Got up to 110 dB in room SPL before my circuit breaker popped. Mackie M1400 pro amp driving sub at 30 Hz sine in a 7000 ft^3 room. 

Finally measured harmonic distortion at 2% @ 13 Hz 102 dB SPL using a LinearX M31 calibration mike.










Bob


----------



## Jack Gilvey (May 8, 2006)

> VMPS's whole approach is to add moving mass to tune the subwoofer so I gotta question this orientation info.


 That's the way all PR's are tuned, the Mms. Ones with substantial Mms,and a nice loose suspension, like my 1400g Lambdas, sag noticeably when horizontal.
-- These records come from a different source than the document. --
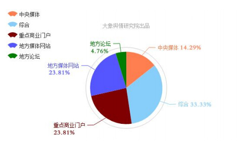 上圖可以看出,關注此事件的網絡媒體中,綜合類網站傳播活躍度最高,重點商業(yè)門戶網站和地方媒體網站旗鼓相當、緊隨其后。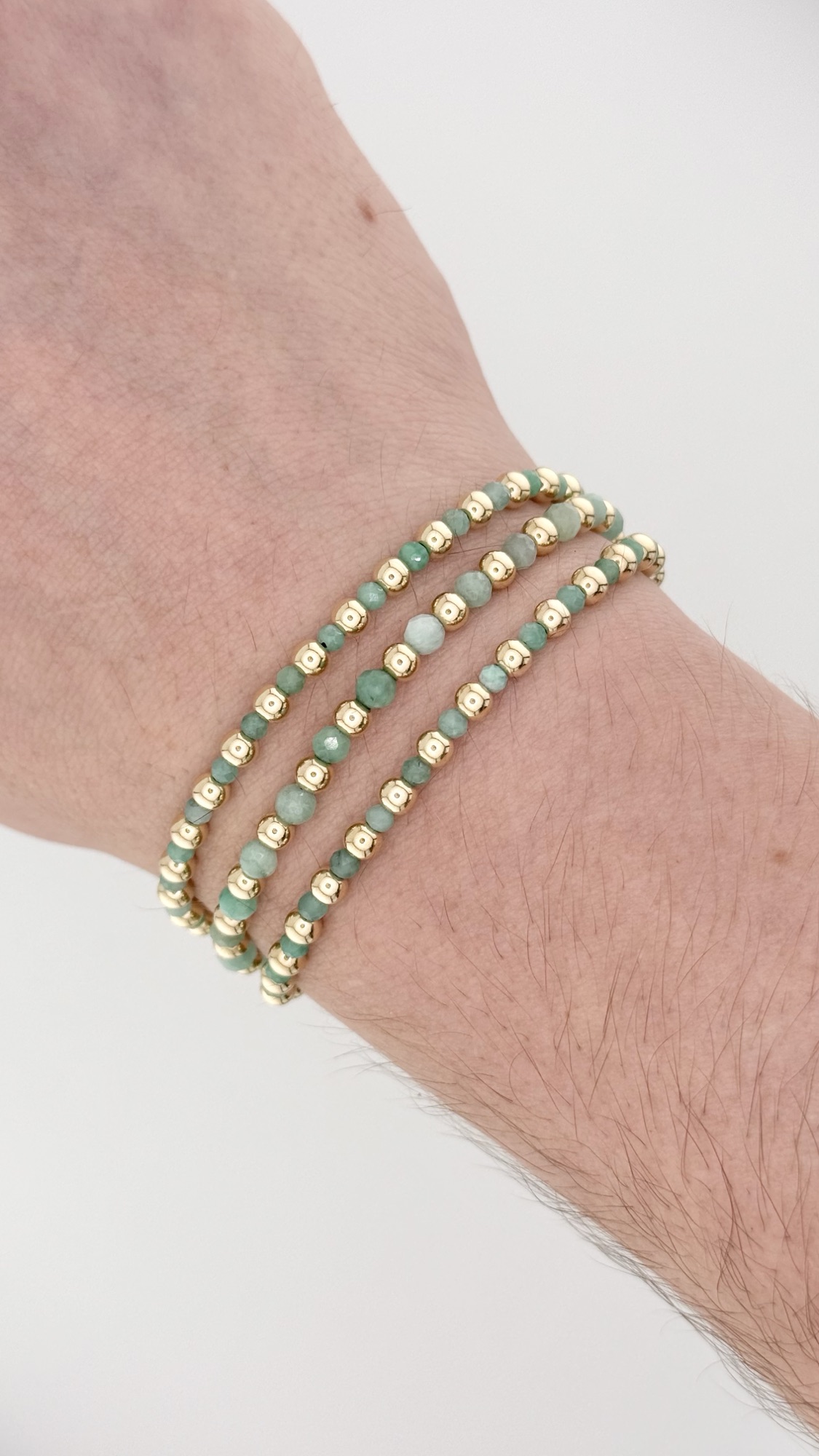 Tres pulseras finas que llegan armadas para usar juntas: piedras esmeralda mate combinadas con balines mini en oro laminado 18k. El set te ahorra el trabajo de elegir piezas que combinen porque ya están pensadas como un conjunto coherente.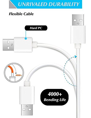 Usb to Micro Usb Cable, 3Pack 6.6FT Long Fast Charge USB 2.0 A Male to Micro B Sync Charger Cord for Android, Samsung, LG, HTC, Motorola, Nokia, MP3, Camera - White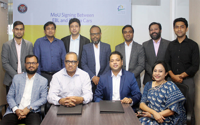 সম্প্রতি ঢাকায় ইবিএলের উপ-ব্যবস্থাপনা পরিচালক এবং রিটেল ও এসএমই ব্যাংকিং প্রধান এম. খোরশেদ আনোয়ার এবং বাংলা কারসের স্বত্তাধিকারী জাকির হোসেন একটি অর্থায়ন সুবিধা চুক্তি স্বাক্ষর করেন।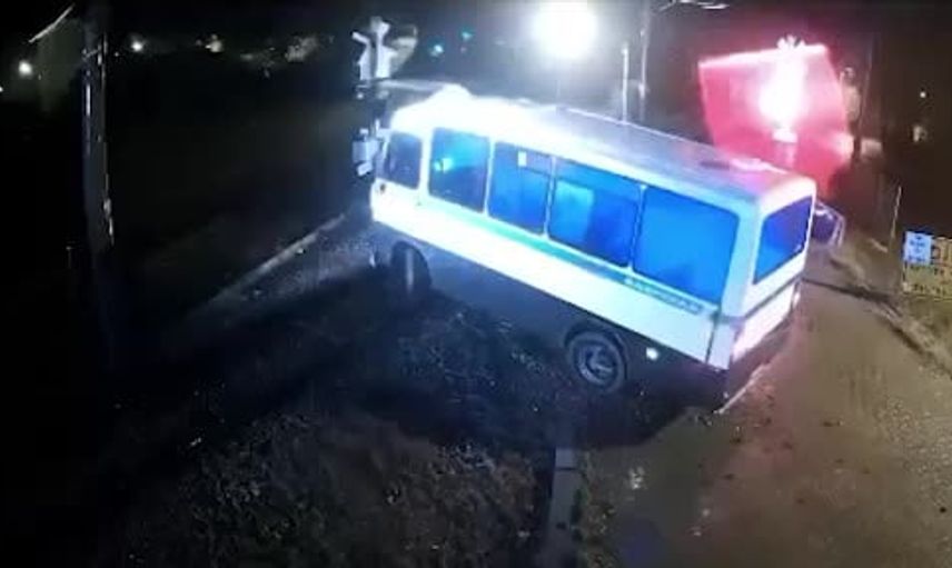 Hemzemin geçitte mahsur kalan dolmuşa tren çarptı, sürücü saniyelerle kurtuldu... Feci kaza kamerada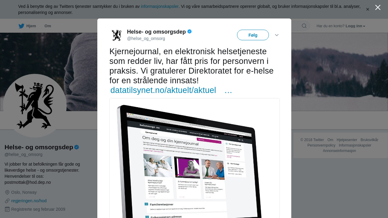 RT @helse_og_omsorg: Kjernejournal, en elektronisk helsetjeneste som redder liv, har fått pris for personvern i praksis. Vi gratulerer D… https://t.co/i8hj6FoY6S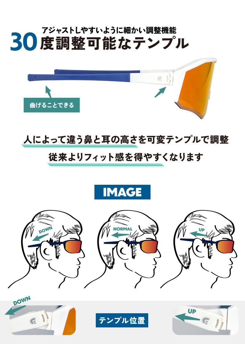 30度調整可能なテンプルは人によって違う鼻と耳の高さを可変テンプルで調整できます。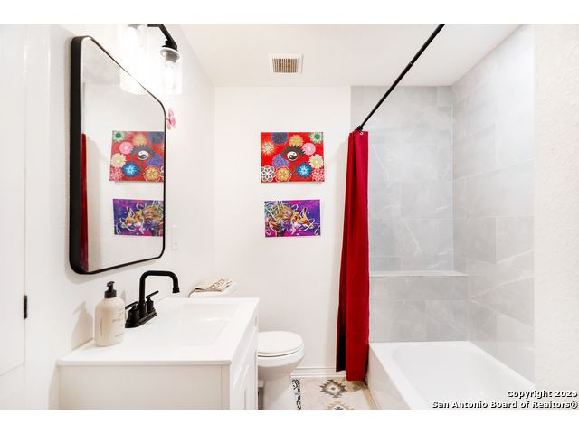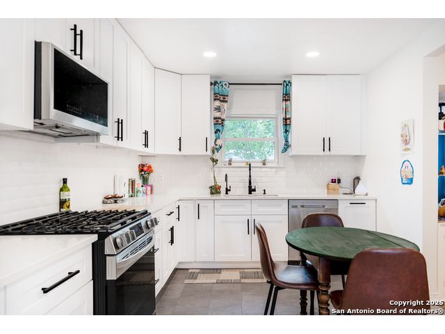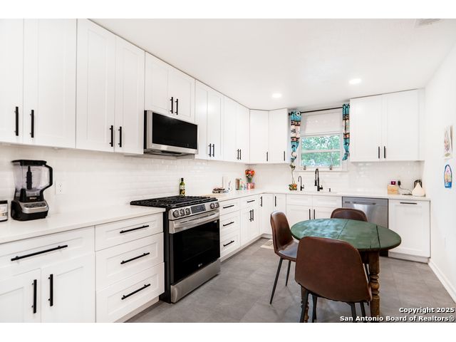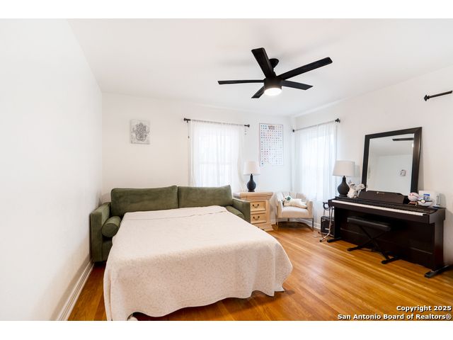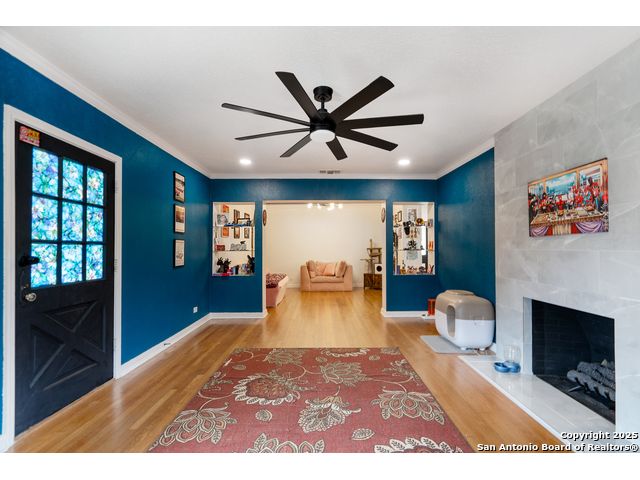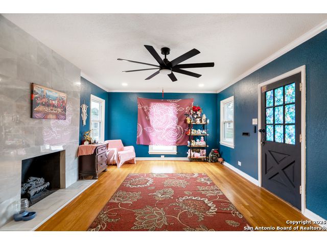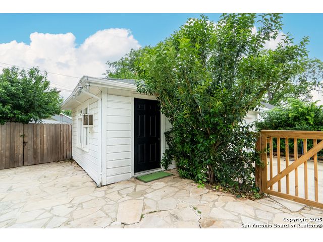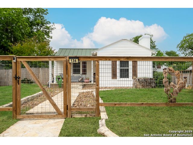 Welcome to 136 John Page - your beautifully updated retreat in a prime location! This charming 3-bedroom, 2-bath home includes a versatile detached flex room and sits on a spacious 0.19-acre lot. Just over a mile from Woodlawn Lake and the vibrant Deco District, you're also minutes away from the Medical Center and downtown San Antonio. Step inside to discover a stunning open-concept living area featuring a dramatic floor-to-ceiling gas fireplace and a statement modern ceiling fan. The original built-in book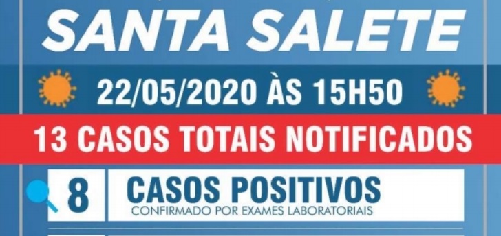O município de Santa Salete, encravada entre Jales e Santa Fé do Sul e que tem 1.523 habitantes confirmou que o número de casos confirmados de Covid-19 na cidade saltaram, num único dia, 400%.

Their "cone" is a 15" diameter, 3/4" thick piece of MDF. PR suspension should be pretty loose to work well, not stiff enough to center the mass vertically.


----------



## loupy31 (Apr 26, 2006)

Hi Guys,

Later today I will swap the drivers around............ I think my next step in this "Hobby" is to get a calibrated mike to use with my software, That should help to realy tune my sub.

BTW. Thanks to all for posting replies to my questions.........for some one like me ( not quite up to speed ) it is a huge help.

Peter :T


----------



## Dundas (May 16, 2006)

This design may be similar to what you have:
http://www.vikash.info/audio/xls10/
The Peerless PRs have exactly the same moving components as their comparable active drivers with mass added to acheive desired tuning:
http://www.speakercity.com/Merchant2/merchant.mvc?Screen=PROD&Store_Code=SC&Product_Code=830548
Application notes from the Peerless site:
http://www.tymphany.com/papers/appxls12b.htm

Lots of information available about these drivers by Googling “Peerless passive radiator” but can not see anything about PR orientation. Let us know if swaping makes a difference.


----------



## Jack Gilvey (May 8, 2006)

> Later today I will swap the drivers around............ I think my next step in this "Hobby" is to get a calibrated mike to use with my software, That should help to realy tune my sub.


 Yup.


----------